The task >> The whole listing that follows, pictures excepted, should be printed again exactly as given.

- Opening Delimiter -

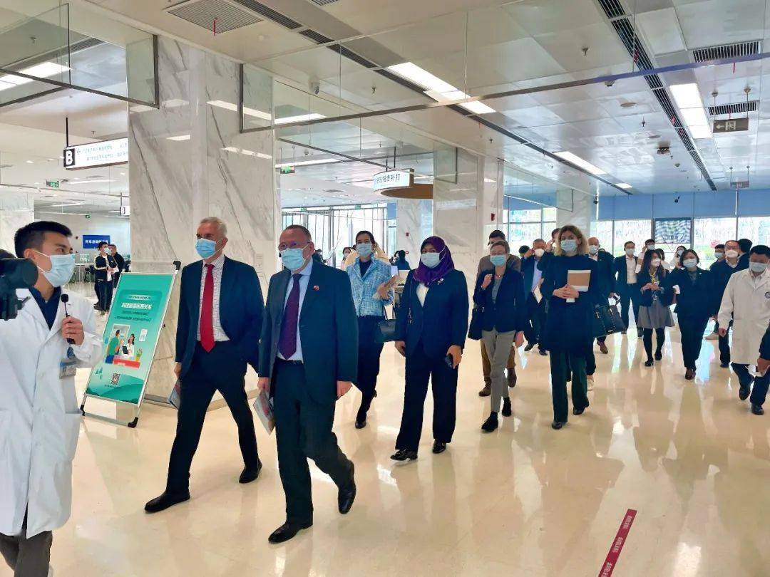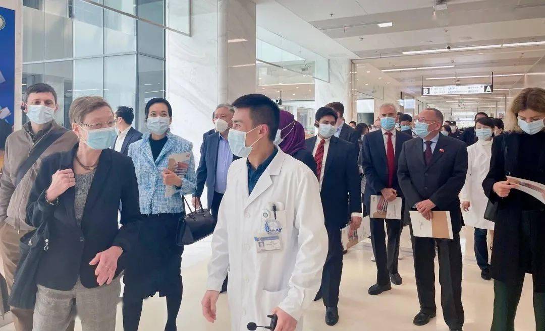 在这里,访问团一行通过观看宣传展板和听取情况介绍,了解了四川大学华西天府医院医疗业务范围、就诊流程等,对成都高质量发展的医疗健康服务表示赞赏。
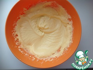 В миске растереть размягченный маргарин с сахаром.
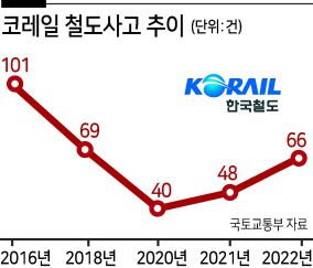 정부가 코레일에 이렇게 큰 과징금을 부과한 건 철도 안전사고 증가세가 심각한 수준이라고 판단하기 때문이다. 10년 전부터 감소하던 철도사고는 2020년 40건까지 내려갔으나 2021년 48건, 2022년 66건 등으로 다시 빠르게 늘고 있다. 무엇보다 최근 급증한 사고는 ‘단전’과 ‘탈선’ 등 유지보수가 제대로 이뤄지지 못한 데 따른 것이어서 관련 업무에 대한 독점권을 가지고 있는 코레일에 대한 비판이 커지는 분위기다.
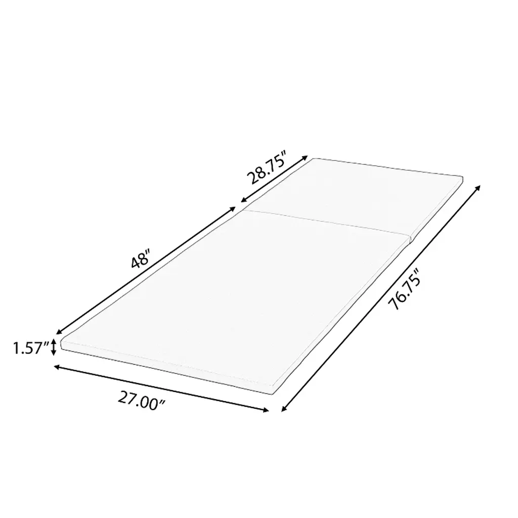 Upgrade your outdoor comfort with this foldable chaise lounge cushion, designed with a convenient 2-section construction for easy storage and portability. Measuring 76.75" in length, it features a 28.75" foldable segment that makes setup and storage effortless. The breathable, water-resistant fabric offers protection against light spills while maintaining a soft, comfortable feel—ideal for poolside, patio, or garden relaxation. Its neutral color seamlessly complements any outdoor décor, adding a refined touch to your seating area while delivering plush support for extended lounging sessions. Fiiler: Foam Fabric Material: PolyesterMultiple Color Options Assembly Required Dimensions:76.75” deep x 27.00 ” wide x 1.57” high Cushion Thickness: 1.57"
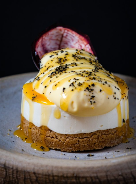 Lemon-yuzu cheesecake, passion fruit mouse, passion fruit sauce.

- Closing Delimiter -

Written reply >>
 在这里,访问团一行通过观看宣传展板和听取情况介绍,了解了四川大学华西天府医院医疗业务范围、就诊流程等,对成都高质量发展的医疗健康服务表示赞赏。
 В миске растереть размягченный маргарин с сахаром.
 정부가 코레일에 이렇게 큰 과징금을 부과한 건 철도 안전사고 증가세가 심각한 수준이라고 판단하기 때문이다. 10년 전부터 감소하던 철도사고는 2020년 40건까지 내려갔으나 2021년 48건, 2022년 66건 등으로 다시 빠르게 늘고 있다. 무엇보다 최근 급증한 사고는 ‘단전’과 ‘탈선’ 등 유지보수가 제대로 이뤄지지 못한 데 따른 것이어서 관련 업무에 대한 독점권을 가지고 있는 코레일에 대한 비판이 커지는 분위기다.
 Upgrade your outdoor comfort with this foldable chaise lounge cushion, designed with a convenient 2-section construction for easy storage and portability. Measuring 76.75" in length, it features a 28.75" foldable segment that makes setup and storage effortless. The breathable, water-resistant fabric offers protection against light spills while maintaining a soft, comfortable feel—ideal for poolside, patio, or garden relaxation. Its neutral color seamlessly complements any outdoor décor, adding a refined touch to your seating area while delivering plush support for extended lounging sessions. Fiiler: Foam Fabric Material: PolyesterMultiple Color Options Assembly Required Dimensions:76.75” deep x 27.00 ” wide x 1.57” high Cushion Thickness: 1.57"
 Lemon-yuzu cheesecake, passion fruit mouse, passion fruit sauce.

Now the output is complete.